2013 May 05
I recently had the misfortune of dealing with a MySQL database which got its data double UTF-8 encoded. It happened during a software deploy so my colleagues and I had to come up with a quick solution and get our database back into live service. Luckily, we were able to find a stopgap solution, and later, during the next maintenance window, we were able to fix the data for good.
In the process, I learned more about MySQL and character encodings schemes, so I thought I'd share it here in a blog post.
During the software deploy, we migrated a MySQL database to a new server. While QA testing we realized that we had an encoding issue with the data on the new server. I wasn't involved with the database migration so I can't speak to how it happened, but I was able to piece together what happened.
Our data is UTF-8 encoded and all our MySQL database tables are configured for UTF-8. When importing the data into the new database, the import process interpreted the data as latin1 and translated it to UTF-8 since it was storing the data in UTF-8 tables. Because the data was already UTF-8 encoded, it essentially got encoded twice as UTF-8.
Double Encoded Data
Let me explain more what I mean by double encoded UTF-8 data as well as some basic definitions.
Code Point: is a reference to the numerical value of a single character in an encoding scheme.
ASCII: is a 7 bit character encoding based on the English alphabet. There are only 128 characters (or code points).

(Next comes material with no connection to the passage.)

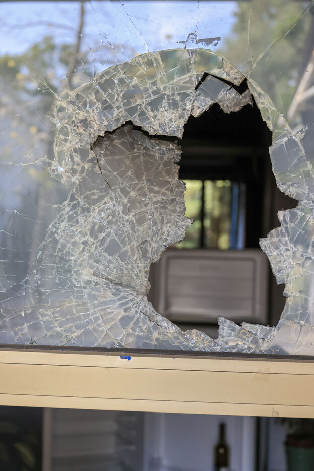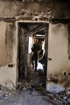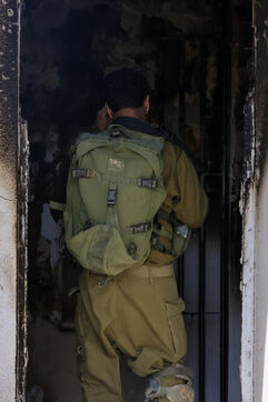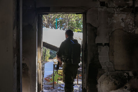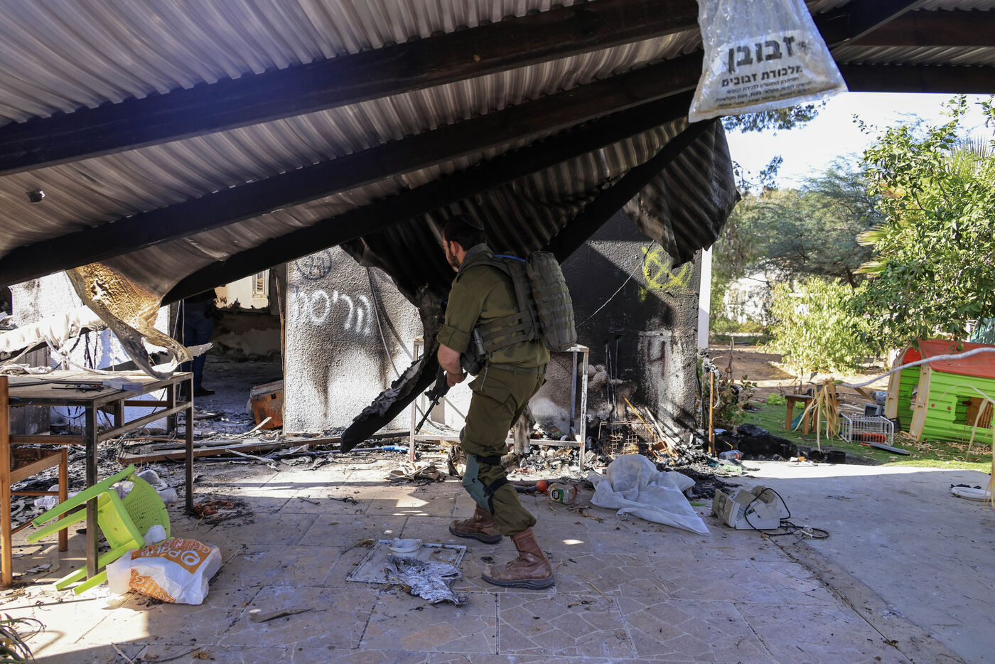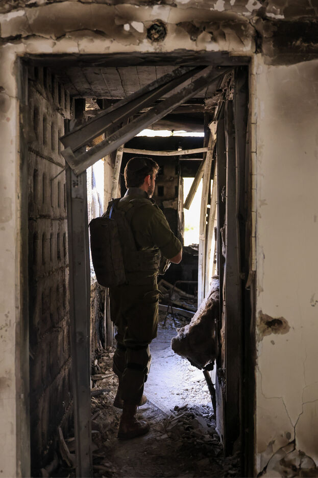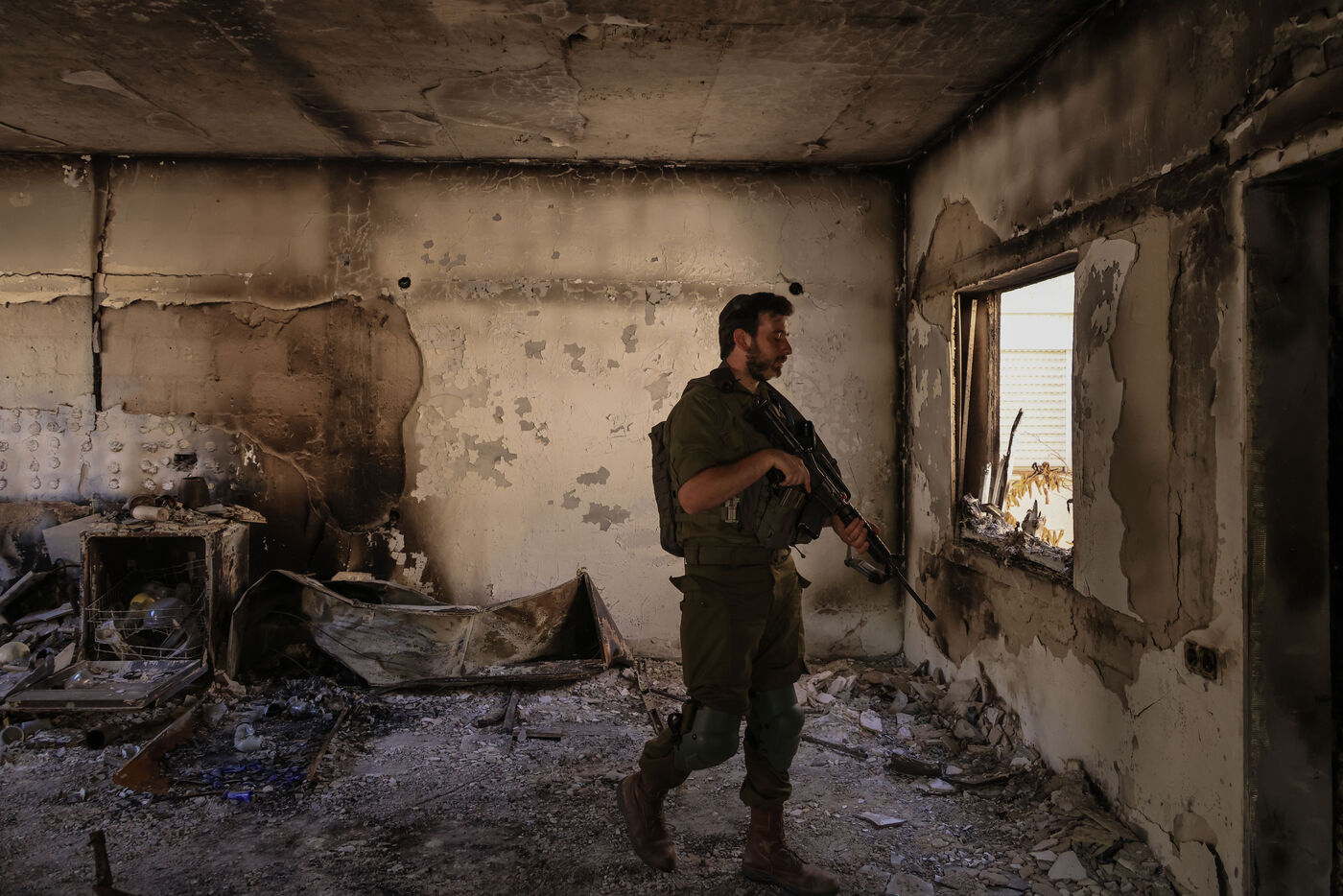 Un soldat dans une maison endommagee dans le kibboutz Nir Oz, pres de la bande de Gaza, attaque le 7 octobre par des militant du Hamas, le 30 octobre 2023.

Latin1: is a reference to MySQL latin1 which is Windows-1252 or CP-1252. This is an 8 bit character encoding which is a superset of ASCII expanded to include characters for other Western European languages. There are 256 characters and it's is backwards compatible with ASCII.
UTF-8: is a variable width character encoding which can represent every character in the Unicode character set. Each code points is represented in 1-6 bytes. It is backwards compatible with ASCII.
In our case, UTF-8 data was interpreted as latin1 data and translated to UTF-8 again. Since latin1 characters are fixed at one byte, each byte is translated individually without any consideration of subsequent bytes. (Note that if we were translating from UTF-8 to latin1, we would have to consider the context of subsequent bytes for multi-byte code points)
Looking that both encoding specifications for UTF-8 and latin1 (CP-1252), as well as running a few translation tests in MySQL, I learned the following:
- The ASCII subset (0x00 - 0x7F) of latin1 translates to the same encoding in UTF-8 (single byte code points).
- The non-ASCII subset (0x80 - 0xFF) of latin1 translates to multi-byte UTF-8 code points.
- All 255 latin1 code points map to unique UTF-8 code points, and translate back to the same latin1 code points
The first point is interesting, because if you deal with mostly English locales it's possible to have an encoding mismatch in your application but not discover it for a good amount of time. In fact, if all you dealt with is ASCII data, you would never expose the problem.
The last point indicates that the double UTF-8 encoding is a lossless translation. We should be able to run the data through a UTF-8 -> latin1 translation to recover the original data. Because of this, we were able to implement a stopgap solution without having to revert databases.
The stopgap solution was rather simple. We changed our application to set the MySQL ODBC connection from UTF-8 to latin1. This caused MySQL to perform a UTF-8 -> latin1 translation so the double encoded UTF-8 data became single encoded. The application continued to treat the data as UTF-8 so things worked mostly well with that fix.
Could we have left it like this? Not really. The database size was now bloated and there was obvious CPU overhead with having to encode/decode data with every database transaction. If these were the only side effects, it might have been tolerable to leave this setup as-is since fixing the data was not easy due to the volume of it. However, one big problem this presented was that text limited fields might get truncated since the double encoding bloat wasn't accounted for when the application wrote to the database. For example, an application which tried to store a 10 character Chinese string into a varchar(10) field would find the value truncated when it read it back. Since we didn't have likely cases for this to happen, it was acceptable as a stopgap, but unacceptable for anything longer. Therefore we needed to fix the data at the next maintenance window.
Fixing the Data
Fixing the data also turned out to be a simple solution. We performed a data migration to second MySQL database server with the export process configured to export to latin1. This caused MySQL to translate the double encoded UTF-8 data to single encoded UTF-8. The data was imported into the second server as UTF-8 data (correctly this time).